Reunert posts marginal dip in H1 earnings

28th May 2018 By: Natasha Odendaal - Creamer Media Senior Deputy Editor

JSE-listed Reunert has posted a dip in earnings for the first six months of the current financial year.

During the six months ended March 31, the company maintained headline earnings per share (HEPS) of 275c, while normalised HEPS dropped 5% from 292c in the first half of 2017 to 276c in the half-year under review.

Profit for the period under review contracted 4% to R448-million, while operating profit before interest, dividends and empowerment transactions decreased 8% to R567-million.

The decrease in profitability is attributed to the strengthening of the rand against the dollar, which impacted on the group's profitability on 30% of its foreign currency denominated revenue; an unprecedented reduction in demand from State-owned enterprises and municipalities; and Zambia's ongoing liquidity constraints.

“These factors resulted in the operating profit in the electrical engineering segment declining significantly and the applied electronics segment's operating profit remaining flat despite a 25% increase in revenue,” the company said in its financial results report on Monday.

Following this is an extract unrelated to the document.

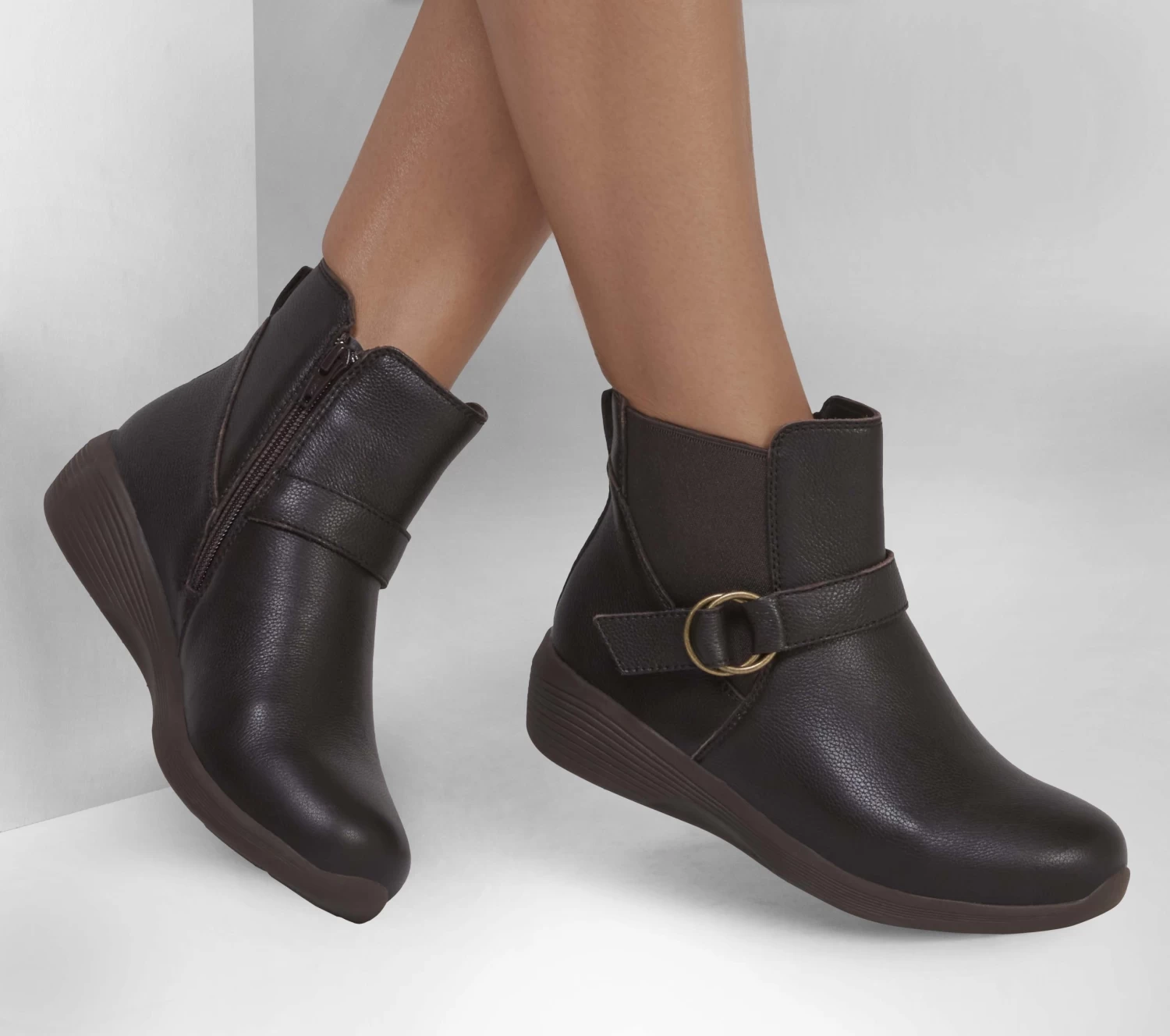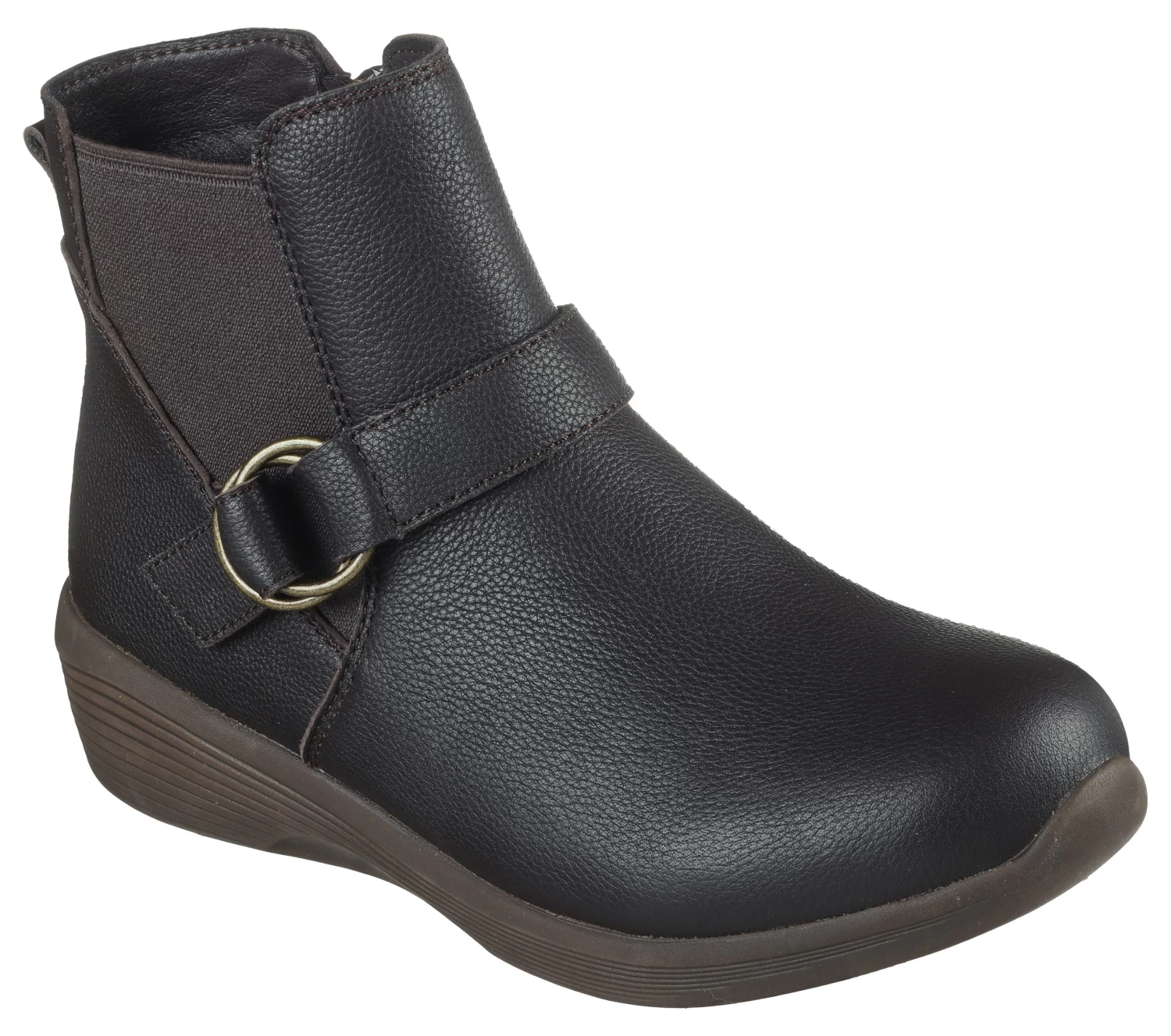 Modern style and chic sensibilities combine in Skechers Arya – Mod Squad. This casual bootie features a leather upper with an O-ring buckle detail, side zip closure and a cushioned Skechers Air-Cooled Memory Foam® comfort insole.

The information and communication technology (ICT) segment achieved a 14% increase in operating profit from increased volumes, improved margins and accelerated new customer deals.

Group revenue for the half-year to March 31 increased 10% to R4.84-billion, driven by a 25% increase in revenue from the applied electronics segment.

“The group expects an improved performance in the second half of the financial year, subject to there being no material changes to the macroeconomic conditions,” Reunert assured.

“The expectation is supported by the strong export order books of the applied electronics segment, our anticipation of some improvement in volumes and product mix in the electrical engineering segment and the contribution of the ICT segment's performance, reinforced by the contribution from the acquisition of SkyWire,” it concluded.